# Want to know the price Norita 66



## bubbletea (Feb 11, 2010)

I own a Norita 66 kit : Body, 80mm F2, Prism Finder, Extension Tube(3)

I would maybe like to sell them, but I'm not sure what is the value of this... Some years ago, the system was quite easy to find... But now... This is kind of rare bird...

Especially with the super-duper 80mm F2 

The body has some brassing but the interior is very clean; shutter fire at all speed and seems acurate. The 80mm F2 seems very good, some dust..but the blade are beautiful. There is some haze inside that could be easily clean... The prism has some brassing as well but is very clean.

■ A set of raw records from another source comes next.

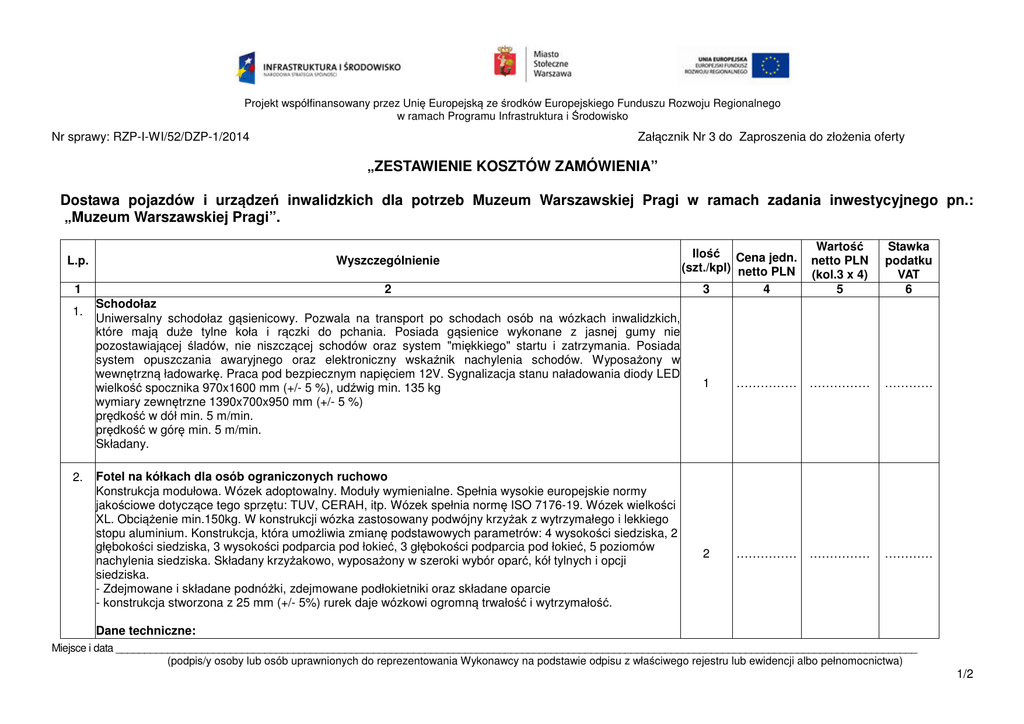 Projekt współfinansowany przez Unię Europejską ze środków Europejskiego Funduszu Rozwoju Regionalnego w ramach Programu Infrastruktura i Środowisko Nr sprawy: RZP-I-WI/52/DZP-1/2014 Załącznik Nr 3 do Zaproszenia do złożenia oferty „ZESTAWIENIE KOSZTÓW ZAMÓWIENIA” Dostawa pojazdów i urządzeń inwalidzkich dla potrzeb Muzeum Warszawskiej Pragi w ramach zadania inwestycyjnego pn.: „Muzeum Warszawskiej Pragi”. L.p. Wyszczególnienie 1 2 Schodołaz Uniwersalny schodołaz gąsienicowy. Pozwala na transport po schodach osób na wózkach inwalidzkich, które mają duże tylne koła i rączki do pchania. Posiada gąsienice wykonane z jasnej gumy nie pozostawiającej śladów, nie niszczącej schodów oraz system "miękkiego" startu i zatrzymania. Posiada system opuszczania awaryjnego oraz elektroniczny wskaźnik nachylenia schodów. Wyposażony w wewnętrzną ładowarkę. Praca pod bezpiecznym napięciem 12V. Sygnalizacja stanu naładowania diody LED wielkość spocznika 970x1600 mm (+/- 5 %), udźwig min. 135 kg wymiary zewnętrzne 1390x700x950 mm (+/- 5 %) prędkość w dół min. 5 m/min. prędkość w górę min. 5 m/min. Składany. 1. 2. Fotel na kółkach dla osób ograniczonych ruchowo Konstrukcja modułowa. Wózek adoptowalny. Moduły wymienialne. Spełnia wysokie europejskie normy jakościowe dotyczące tego sprzętu: TUV, CERAH, itp. Wózek spełnia normę ISO 7176-19. Wózek wielkości XL. Obciążenie min.150kg. W konstrukcji wózka zastosowany podwójny krzyżak z wytrzymałego i lekkiego stopu aluminium. Konstrukcja, która umożliwia zmianę podstawowych parametrów: 4 wysokości siedziska, 2 głębokości siedziska, 3 wysokości podparcia pod łokieć, 3 głębokości podparcia pod łokieć, 5 poziomów nachylenia siedziska. Składany krzyżakowo, wyposażony w szeroki wybór oparć, kół tylnych i opcji siedziska. - Zdejmowane i składane podnóżki, zdejmowane podłokietniki oraz składane oparcie - konstrukcja stworzona z 25 mm (+/- 5%) rurek daje wózkowi ogromną trwałość i wytrzymałość. Ilość Cena jedn. (szt./kpl) netto PLN 3 4 Wartość netto PLN (kol.3 x 4) 5 Stawka podatku VAT 6 1 …………… …………… ………… 2 …………… …………… ………… Dane techniczne: Miejsce i data ____________________________________________________________________________________________________________________________________________ (podpis/y osoby lub osób uprawnionych do reprezentowania Wykonawcy na podstawie odpisu z właściwego rejestru lub ewidencji albo pełnomocnictwa) 1/2 Nr sprawy: RZP-I-WI/52/DZP-1/2014 Załącznik Nr 3 do Zaproszenia do złożenia oferty - Wózek ze sztywnym oparciem - Nylonowa tapicerka - Zdejmowane i uchylne podłokietniki - Standardowy podnóżek, zdejmowany i składany - Regulacja środka ciężkości - Regulowana wysokość siedziska - Dostępna szerokość siedziska 50cm (+/- 5%) - Głębokość siedziska 42cm (+/- 5%) - Wysokość siedziska 50,5cm (+/- 5%) - Wysokość oparcia 42cm (+/- 5%) - Wysokość całkowita 94cm (+/- 5%) - Dł. całkowita 103cm (76,50cm bez podnóżków) (+/- 5%) - Szerokość po złożeniu 31 cm (+/- 5%) - Waga wózka 16,5 kg (+/- 5%) - Przednie koła 8'' pełne - Tylne koła 24'' pneumatyczne Razem netto Kwota podatku VAT Razem brutto Miejsce i data ____________________________________________________________________________________________________________________________________________ (podpis/y osoby lub osób uprawnionych do reprezentowania Wykonawcy na podstawie odpisu z właściwego rejestru lub ewidencji albo pełnomocnictwa) 2/2
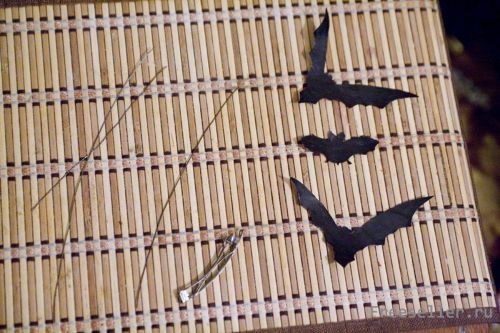 Вырезаем летучих мышей и раскрашиваем чёрным маркером.
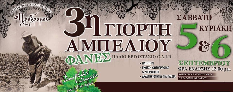 Ο Πολιτιστικός Σύλλογος Φανών ¨Ο ΠΡΟΔΡΟΜΟΣ ” σας προσκαλεί στην 3η Γιορτή Αμπελιού στις 5 & 6

The extension tube are very very clean...

So, that's it!

Thank for your advice. :hug::

I've been reading the forum for some time without writing anything


----------



## compur (Feb 11, 2010)

See:
eBay item 130361505480

And, welcome to the forum.


----------



## bubbletea (Feb 12, 2010)

Thank you 

I'm still not sure if I want to sell it, thought... That's a really great piece of junk :hugs:


----------



## compur (Feb 12, 2010)

I've always admired the Norita even though I've never owned or used one.
It seems very hand-holdable which is something I like with a medium format
camera.

I do use a Pentax 67 which is a very similar design and much easier to find
lenses and accessories.


----------



## Hamtastic (Mar 14, 2010)

bubbletea said:


> I'm still not sure if I want to sell it, thought... That's a really great piece of junk :hugs:



Exactly, although I feel I can call my Norita junk because it looks like it was dragged behind a car.  I wouldn't call a clean one junk.  The photos that came out of mine were every bit as nice as the ones that came out of my P67II or Hassy 500 c/m.  It's definitely the f/2 lens that's the special part.


----------



## compur (Mar 14, 2010)

Check this out:
norita 66 camera ( new in box ) - eBay (item 380214461215)


----------